The use of observability traces allows for an end-to-end waterfall view of communications which take place between microservices including agents. In the context of agentic microservice deployments, deploying the right levels of traceability, can support a clear and concise view of the communication flows between agents, databases, and other ancillary components which build up the end-to-end application flow. Traceability is becoming an important consideration for agentic architectures as a means to support requisite regional explainability mandates (EU AI Data Act, etc…).
Traces and spans
- Custom instrumentation via OpenTelemetry provider into corresponding agent code (Python, Rust, Go, etc…) to allow for clear view of end-to-end communications including specific process hooks relevant to the systems execution flow.
- Auto instrumentation of Open Telemetry within K8s to monitor system diagnostics is important to consider, particularly in on-premise deployments where GPU capacity may have an impact on serving requisite models to multiple agents or consumers.
- Creation of agentic code allowing for “hooks” to ensure that functional execution can be monitored in the context of per-process executions (SPANs) within a broader application trace.
- Configuration of metadata (e.g., user ID, session ID, context-related activity, container-ID) in the form of an OpenTelemetry signal, such as baggage, to ensure that unique identifiers can be tracked that are common to each unique agentic workflow or action to support debuggability and explainability.
Logs
- Authoring of viable and usable logs which are authored with a “natural language” in mind to allow for future re-usability by co-op AI model based systems for debugging.
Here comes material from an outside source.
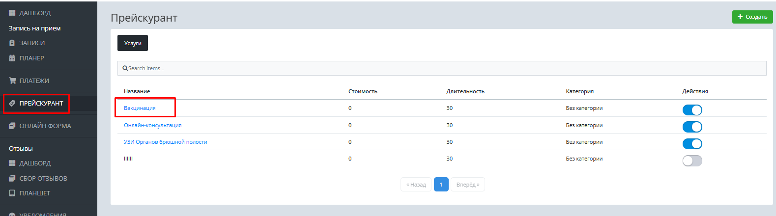 Далее в виджете необходимо перейти в Прейскурант выбрать необходимую услугу и перейти в ее настройки (кликнув по названию).
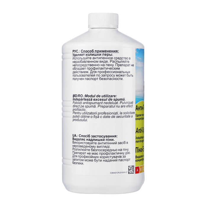 Чрезмерное содержание моющих средств или альгицидов в воде бассейна приводит к образованию пены. При помощи препарата «Анти-Пена» можно предотвратить появление или удалить уже образовавшуюся пену. Дозирование осуществляется путём непосредственного вливания в бассейн или посредством скиммера.

- Deployment of a common system time between agent architectures to ensure operational data and its corresponding flow can be easily monitored and tracked.
- Maintain a common and structured data format throughout the deployment to ensure that data cleaning and transformation tasks are simplified.
- Considerations should be taken around canonical logging from the beginning, as to allow for valid log-based metrics to be saved to a central point for reuse in canonical log generation, canonical logging can support better post-mortem diagnostics and auditability.
Continuous monitoring and adaptive control
- Leverage the robust observability framework described utilizing industry standard methods such as OTEL with clearly defined semantic conventions for continuous monitoring of agent trajectories and performance.
- Implement mechanisms for periodic reassessment to detect performance drift or emerging issues over time through time-series monitoring of key metrics.
- Integrate feedback loops, allowing agents to learn from past experiences and continuously adapt their strategies in dynamic environments, including self-correction mechanisms such as reinforcement learning to enhance reliability.
Footnotes:
- https://opentelemetry.io/blog/2024/llm-observability/
- https://opentelemetry.io/docs/specs/semconv/gen-ai/gen-ai-agent-spans/
- https://www.cncf.io/blog/2025/01/27/what-is-observability-2-0/
- https://opentelemetry.io/docs/concepts/signals/baggage/
Governance
This section defines the critical governance mechanisms necessary to ensure the responsible, reliable, and secure operation of LLM-based multi-agent systems within a Kubernetes ecosystem. Effective governance spans the entire lifecycle of an agent, from initial development and pre-deployment validation to continuous monitoring and adaptation in production.
Agentic governance foundations
- Governance is considered a mandatory foundational layer and factor that must be applied in Cloud Native agentic deployments.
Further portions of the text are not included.